WORK REQUEST: Start at the line with "销售收入/万元 | 经营活动净现金流量/万元 |" and print every line through the end of the material below. Keep it exact and free of pictures.

[INFORMATION SUPPLIED Boundary: Start]

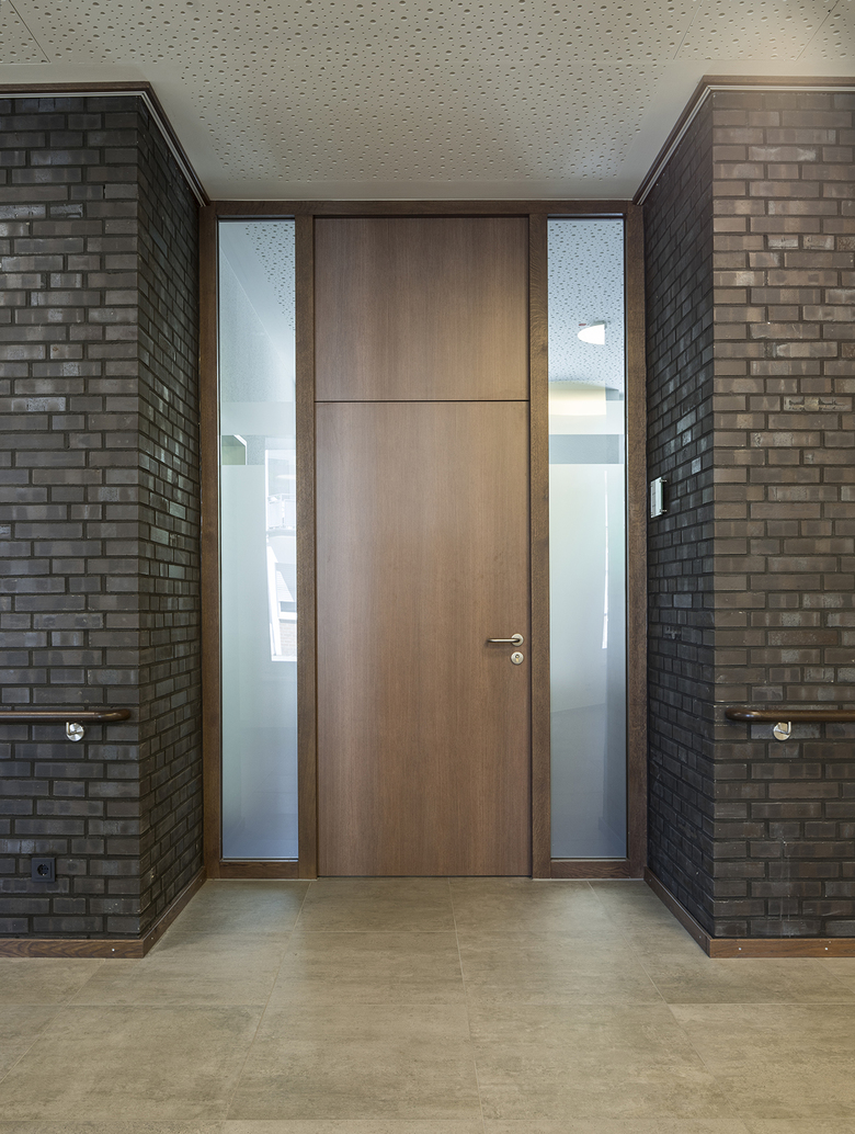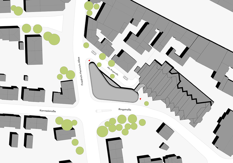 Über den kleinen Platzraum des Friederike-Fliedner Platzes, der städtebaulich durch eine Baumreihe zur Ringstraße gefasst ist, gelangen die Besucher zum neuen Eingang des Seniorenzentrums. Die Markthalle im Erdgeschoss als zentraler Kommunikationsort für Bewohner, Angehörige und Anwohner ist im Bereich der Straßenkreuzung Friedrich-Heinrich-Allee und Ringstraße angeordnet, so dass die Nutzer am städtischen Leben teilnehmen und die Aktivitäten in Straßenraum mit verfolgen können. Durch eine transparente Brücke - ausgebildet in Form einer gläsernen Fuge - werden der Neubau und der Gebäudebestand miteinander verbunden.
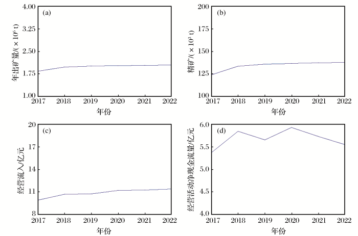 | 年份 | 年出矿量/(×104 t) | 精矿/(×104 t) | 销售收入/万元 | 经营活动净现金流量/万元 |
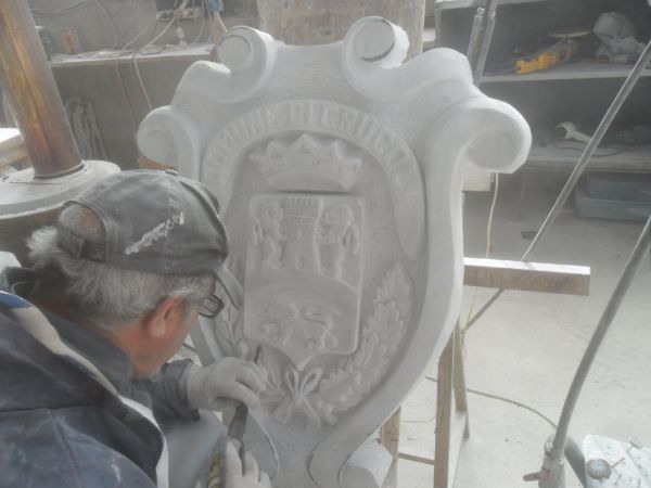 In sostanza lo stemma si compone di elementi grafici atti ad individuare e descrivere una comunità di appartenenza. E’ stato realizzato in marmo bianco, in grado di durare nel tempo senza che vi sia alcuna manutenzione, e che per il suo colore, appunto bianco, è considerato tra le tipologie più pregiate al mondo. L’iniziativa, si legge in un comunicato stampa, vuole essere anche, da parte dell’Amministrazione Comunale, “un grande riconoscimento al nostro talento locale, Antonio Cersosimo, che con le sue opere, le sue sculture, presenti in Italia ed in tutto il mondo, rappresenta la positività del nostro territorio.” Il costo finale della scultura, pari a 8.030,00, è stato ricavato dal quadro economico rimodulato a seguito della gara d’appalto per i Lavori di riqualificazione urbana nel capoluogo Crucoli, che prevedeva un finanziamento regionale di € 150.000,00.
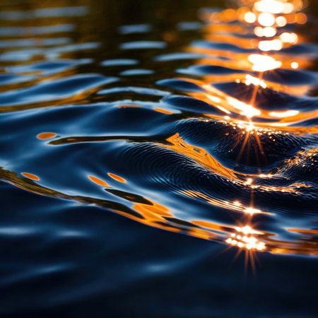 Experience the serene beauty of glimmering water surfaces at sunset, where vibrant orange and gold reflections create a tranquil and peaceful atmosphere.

[INFORMATION SUPPLIED Boundary: End]

PROBLEM SOLUTION:
 | 年份 | 年出矿量/(×104 t) | 精矿/(×104 t) | 销售收入/万元 | 经营活动净现金流量/万元 |
 In sostanza lo stemma si compone di elementi grafici atti ad individuare e descrivere una comunità di appartenenza. E’ stato realizzato in marmo bianco, in grado di durare nel tempo senza che vi sia alcuna manutenzione, e che per il suo colore, appunto bianco, è considerato tra le tipologie più pregiate al mondo. L’iniziativa, si legge in un comunicato stampa, vuole essere anche, da parte dell’Amministrazione Comunale, “un grande riconoscimento al nostro talento locale, Antonio Cersosimo, che con le sue opere, le sue sculture, presenti in Italia ed in tutto il mondo, rappresenta la positività del nostro territorio.” Il costo finale della scultura, pari a 8.030,00, è stato ricavato dal quadro economico rimodulato a seguito della gara d’appalto per i Lavori di riqualificazione urbana nel capoluogo Crucoli, che prevedeva un finanziamento regionale di € 150.000,00.
 Experience the serene beauty of glimmering water surfaces at sunset, where vibrant orange and gold reflections create a tranquil and peaceful atmosphere.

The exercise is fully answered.